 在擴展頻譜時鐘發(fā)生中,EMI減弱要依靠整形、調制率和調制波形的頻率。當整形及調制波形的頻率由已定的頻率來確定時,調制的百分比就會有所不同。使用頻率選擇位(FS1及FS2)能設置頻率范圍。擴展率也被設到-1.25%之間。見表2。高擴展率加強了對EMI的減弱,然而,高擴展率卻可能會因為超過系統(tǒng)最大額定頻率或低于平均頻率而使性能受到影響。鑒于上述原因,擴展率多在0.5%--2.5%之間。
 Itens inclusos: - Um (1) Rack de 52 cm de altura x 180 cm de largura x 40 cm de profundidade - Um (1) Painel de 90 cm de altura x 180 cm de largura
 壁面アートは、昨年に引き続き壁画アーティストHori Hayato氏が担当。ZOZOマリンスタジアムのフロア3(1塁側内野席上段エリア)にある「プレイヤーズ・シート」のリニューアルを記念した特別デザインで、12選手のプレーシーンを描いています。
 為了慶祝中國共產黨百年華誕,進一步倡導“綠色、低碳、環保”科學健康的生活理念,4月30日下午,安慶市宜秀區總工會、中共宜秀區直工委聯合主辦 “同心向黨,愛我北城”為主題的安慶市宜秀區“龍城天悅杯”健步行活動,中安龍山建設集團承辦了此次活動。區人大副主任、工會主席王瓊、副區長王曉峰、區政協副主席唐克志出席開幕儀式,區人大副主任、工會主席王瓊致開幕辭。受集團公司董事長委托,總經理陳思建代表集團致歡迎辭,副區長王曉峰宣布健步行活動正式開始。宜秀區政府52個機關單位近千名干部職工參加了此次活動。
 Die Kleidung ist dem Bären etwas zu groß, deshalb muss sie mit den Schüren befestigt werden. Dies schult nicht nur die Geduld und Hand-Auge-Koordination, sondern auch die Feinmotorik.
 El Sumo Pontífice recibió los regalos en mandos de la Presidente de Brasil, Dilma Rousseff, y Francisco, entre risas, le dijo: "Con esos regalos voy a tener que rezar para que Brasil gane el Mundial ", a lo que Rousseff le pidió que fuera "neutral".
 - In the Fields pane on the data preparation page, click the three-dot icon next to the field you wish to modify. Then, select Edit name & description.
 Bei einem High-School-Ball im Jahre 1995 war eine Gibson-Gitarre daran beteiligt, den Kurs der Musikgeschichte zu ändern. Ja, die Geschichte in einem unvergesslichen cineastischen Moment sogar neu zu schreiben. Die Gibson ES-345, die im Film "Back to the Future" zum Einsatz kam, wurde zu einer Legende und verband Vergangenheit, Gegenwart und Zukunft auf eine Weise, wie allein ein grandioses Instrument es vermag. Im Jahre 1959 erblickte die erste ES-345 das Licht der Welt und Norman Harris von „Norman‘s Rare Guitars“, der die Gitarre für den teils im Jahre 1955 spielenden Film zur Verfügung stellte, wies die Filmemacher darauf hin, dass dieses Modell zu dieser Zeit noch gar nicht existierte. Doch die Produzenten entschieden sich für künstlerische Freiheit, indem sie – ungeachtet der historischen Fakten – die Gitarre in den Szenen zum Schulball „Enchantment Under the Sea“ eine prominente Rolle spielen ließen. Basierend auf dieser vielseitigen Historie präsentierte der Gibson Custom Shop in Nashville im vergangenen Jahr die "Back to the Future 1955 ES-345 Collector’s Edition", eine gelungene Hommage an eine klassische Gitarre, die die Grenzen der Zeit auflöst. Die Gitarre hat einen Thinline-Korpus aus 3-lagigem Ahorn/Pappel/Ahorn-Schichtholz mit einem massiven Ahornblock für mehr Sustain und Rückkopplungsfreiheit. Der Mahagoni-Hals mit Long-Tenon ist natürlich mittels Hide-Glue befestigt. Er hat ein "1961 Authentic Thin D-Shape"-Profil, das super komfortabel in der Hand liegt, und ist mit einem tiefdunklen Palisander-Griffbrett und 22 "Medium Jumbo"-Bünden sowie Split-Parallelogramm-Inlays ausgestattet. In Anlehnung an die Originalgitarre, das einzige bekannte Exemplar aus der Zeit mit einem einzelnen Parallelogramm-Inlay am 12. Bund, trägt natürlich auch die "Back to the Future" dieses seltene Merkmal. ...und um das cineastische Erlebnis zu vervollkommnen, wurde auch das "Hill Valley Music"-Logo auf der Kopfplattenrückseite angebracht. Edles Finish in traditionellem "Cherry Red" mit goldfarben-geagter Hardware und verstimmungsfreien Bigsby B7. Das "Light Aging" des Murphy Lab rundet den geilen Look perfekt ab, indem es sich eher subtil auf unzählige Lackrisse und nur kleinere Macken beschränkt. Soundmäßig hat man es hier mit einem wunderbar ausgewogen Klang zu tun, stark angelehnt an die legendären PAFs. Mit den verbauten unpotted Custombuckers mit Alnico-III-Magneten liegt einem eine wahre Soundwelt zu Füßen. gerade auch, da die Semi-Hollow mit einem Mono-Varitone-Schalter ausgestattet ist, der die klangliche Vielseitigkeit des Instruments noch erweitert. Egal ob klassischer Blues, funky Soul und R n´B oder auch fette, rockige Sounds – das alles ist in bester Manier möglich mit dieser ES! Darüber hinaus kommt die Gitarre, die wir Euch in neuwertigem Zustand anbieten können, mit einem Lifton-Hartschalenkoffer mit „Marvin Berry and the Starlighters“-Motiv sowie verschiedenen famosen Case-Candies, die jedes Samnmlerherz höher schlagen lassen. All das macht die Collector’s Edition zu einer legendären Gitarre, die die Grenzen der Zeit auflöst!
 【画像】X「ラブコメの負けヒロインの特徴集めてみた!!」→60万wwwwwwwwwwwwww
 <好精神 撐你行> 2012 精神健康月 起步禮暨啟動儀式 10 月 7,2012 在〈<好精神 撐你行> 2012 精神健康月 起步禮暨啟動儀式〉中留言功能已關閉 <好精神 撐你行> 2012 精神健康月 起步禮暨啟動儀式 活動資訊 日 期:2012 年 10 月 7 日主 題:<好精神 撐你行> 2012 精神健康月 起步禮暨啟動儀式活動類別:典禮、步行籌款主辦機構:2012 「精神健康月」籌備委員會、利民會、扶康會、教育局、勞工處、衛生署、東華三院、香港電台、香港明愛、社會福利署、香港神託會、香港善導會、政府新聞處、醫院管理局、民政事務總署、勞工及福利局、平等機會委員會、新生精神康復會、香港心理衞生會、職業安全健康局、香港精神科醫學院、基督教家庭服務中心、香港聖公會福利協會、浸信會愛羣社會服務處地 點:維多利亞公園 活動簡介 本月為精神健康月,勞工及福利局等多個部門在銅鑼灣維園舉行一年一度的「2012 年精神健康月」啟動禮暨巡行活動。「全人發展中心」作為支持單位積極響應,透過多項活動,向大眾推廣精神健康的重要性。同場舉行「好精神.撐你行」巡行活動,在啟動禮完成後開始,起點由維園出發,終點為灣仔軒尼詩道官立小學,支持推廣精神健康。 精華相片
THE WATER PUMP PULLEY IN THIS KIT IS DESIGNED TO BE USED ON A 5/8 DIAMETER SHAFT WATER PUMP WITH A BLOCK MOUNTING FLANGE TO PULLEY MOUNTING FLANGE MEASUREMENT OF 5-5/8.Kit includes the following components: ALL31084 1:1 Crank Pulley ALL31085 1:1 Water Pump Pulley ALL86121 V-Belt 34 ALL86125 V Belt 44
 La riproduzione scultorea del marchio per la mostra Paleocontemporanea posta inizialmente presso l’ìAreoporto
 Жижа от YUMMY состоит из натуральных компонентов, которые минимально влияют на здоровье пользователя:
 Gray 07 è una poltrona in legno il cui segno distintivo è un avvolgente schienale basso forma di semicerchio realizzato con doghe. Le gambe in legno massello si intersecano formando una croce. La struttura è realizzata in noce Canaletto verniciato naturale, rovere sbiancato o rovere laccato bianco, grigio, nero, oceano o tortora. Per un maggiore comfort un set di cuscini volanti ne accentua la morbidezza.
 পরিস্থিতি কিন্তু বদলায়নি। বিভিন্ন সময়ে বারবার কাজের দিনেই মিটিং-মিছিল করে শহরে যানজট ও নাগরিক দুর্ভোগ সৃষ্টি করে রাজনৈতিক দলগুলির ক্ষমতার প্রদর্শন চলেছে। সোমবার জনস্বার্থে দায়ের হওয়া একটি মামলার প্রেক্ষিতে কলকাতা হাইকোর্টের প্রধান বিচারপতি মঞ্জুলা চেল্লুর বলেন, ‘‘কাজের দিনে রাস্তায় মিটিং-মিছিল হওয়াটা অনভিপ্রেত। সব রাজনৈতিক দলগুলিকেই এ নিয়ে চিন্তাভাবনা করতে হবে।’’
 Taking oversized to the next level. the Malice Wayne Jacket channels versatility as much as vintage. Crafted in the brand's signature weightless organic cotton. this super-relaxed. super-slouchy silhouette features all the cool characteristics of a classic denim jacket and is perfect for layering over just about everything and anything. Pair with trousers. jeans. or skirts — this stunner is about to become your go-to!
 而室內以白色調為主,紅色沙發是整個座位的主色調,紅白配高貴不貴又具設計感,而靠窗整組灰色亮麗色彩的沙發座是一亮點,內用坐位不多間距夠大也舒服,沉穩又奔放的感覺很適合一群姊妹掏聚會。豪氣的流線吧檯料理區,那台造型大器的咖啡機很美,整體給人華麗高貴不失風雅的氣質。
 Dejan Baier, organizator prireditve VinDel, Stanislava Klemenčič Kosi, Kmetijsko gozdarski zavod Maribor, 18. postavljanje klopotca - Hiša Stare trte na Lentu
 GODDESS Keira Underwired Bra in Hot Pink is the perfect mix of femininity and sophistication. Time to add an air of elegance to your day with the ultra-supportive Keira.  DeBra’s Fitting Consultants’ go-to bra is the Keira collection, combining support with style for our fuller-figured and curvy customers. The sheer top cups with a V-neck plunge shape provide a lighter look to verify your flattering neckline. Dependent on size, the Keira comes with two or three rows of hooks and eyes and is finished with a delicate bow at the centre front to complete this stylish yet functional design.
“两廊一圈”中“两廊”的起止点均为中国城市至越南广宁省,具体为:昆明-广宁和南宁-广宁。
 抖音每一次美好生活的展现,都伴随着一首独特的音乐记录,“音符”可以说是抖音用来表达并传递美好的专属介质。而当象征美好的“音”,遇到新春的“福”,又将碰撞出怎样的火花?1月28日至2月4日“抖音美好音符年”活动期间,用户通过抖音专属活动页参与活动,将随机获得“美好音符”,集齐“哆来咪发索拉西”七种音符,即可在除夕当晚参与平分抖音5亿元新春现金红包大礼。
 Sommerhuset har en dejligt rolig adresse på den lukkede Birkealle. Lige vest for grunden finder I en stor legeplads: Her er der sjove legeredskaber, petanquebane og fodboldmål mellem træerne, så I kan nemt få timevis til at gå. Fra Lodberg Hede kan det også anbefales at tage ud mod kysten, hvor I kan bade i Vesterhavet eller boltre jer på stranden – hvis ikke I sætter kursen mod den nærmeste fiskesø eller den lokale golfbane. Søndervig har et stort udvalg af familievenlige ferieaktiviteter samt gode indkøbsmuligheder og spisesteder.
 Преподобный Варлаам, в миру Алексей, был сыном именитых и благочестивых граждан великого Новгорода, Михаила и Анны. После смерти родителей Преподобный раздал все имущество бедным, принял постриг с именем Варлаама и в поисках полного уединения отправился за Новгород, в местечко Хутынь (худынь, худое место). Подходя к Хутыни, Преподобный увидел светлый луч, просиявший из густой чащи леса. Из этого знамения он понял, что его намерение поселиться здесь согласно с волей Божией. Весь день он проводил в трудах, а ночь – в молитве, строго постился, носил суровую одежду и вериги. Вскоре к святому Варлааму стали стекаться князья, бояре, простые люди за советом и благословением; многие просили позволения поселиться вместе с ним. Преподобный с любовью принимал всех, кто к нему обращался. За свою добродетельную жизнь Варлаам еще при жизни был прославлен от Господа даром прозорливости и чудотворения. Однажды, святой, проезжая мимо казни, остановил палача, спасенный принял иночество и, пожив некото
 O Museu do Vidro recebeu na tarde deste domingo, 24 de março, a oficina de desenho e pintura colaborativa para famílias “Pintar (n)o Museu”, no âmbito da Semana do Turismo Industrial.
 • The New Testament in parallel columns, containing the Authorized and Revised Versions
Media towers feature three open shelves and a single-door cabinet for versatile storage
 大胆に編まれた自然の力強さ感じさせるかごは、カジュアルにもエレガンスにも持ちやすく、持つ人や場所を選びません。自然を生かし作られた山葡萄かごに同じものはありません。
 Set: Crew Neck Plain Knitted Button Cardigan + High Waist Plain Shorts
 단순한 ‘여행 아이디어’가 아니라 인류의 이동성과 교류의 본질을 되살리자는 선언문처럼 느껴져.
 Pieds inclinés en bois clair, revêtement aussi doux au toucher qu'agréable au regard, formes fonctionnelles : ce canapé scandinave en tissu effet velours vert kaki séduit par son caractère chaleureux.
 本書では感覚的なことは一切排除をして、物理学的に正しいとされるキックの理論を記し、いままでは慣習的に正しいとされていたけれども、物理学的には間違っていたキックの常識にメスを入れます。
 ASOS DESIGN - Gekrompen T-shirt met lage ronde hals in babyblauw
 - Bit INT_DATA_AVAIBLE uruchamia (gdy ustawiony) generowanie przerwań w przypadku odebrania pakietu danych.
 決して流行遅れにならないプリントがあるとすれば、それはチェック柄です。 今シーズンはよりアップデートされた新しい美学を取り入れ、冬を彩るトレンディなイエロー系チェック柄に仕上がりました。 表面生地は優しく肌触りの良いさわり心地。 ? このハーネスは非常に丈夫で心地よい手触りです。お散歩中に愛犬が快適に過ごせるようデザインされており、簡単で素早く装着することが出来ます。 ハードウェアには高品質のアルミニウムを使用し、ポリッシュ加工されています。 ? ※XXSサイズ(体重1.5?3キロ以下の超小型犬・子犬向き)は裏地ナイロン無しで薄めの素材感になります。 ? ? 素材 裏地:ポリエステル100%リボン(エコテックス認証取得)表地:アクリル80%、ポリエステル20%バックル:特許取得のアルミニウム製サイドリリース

################

_THE TASK_.
Only the lines from the first line of the records through the line with "Itens inclusos: - Um" should be reproduced, exactly and with nothing added.

_RESPONSE FOR THIS EXERCISE_.
 在擴展頻譜時鐘發(fā)生中,EMI減弱要依靠整形、調制率和調制波形的頻率。當整形及調制波形的頻率由已定的頻率來確定時,調制的百分比就會有所不同。使用頻率選擇位(FS1及FS2)能設置頻率范圍。擴展率也被設到-1.25%之間。見表2。高擴展率加強了對EMI的減弱,然而,高擴展率卻可能會因為超過系統(tǒng)最大額定頻率或低于平均頻率而使性能受到影響。鑒于上述原因,擴展率多在0.5%--2.5%之間。
 Itens inclusos: - Um (1) Rack de 52 cm de altura x 180 cm de largura x 40 cm de profundidade - Um (1) Painel de 90 cm de altura x 180 cm de largura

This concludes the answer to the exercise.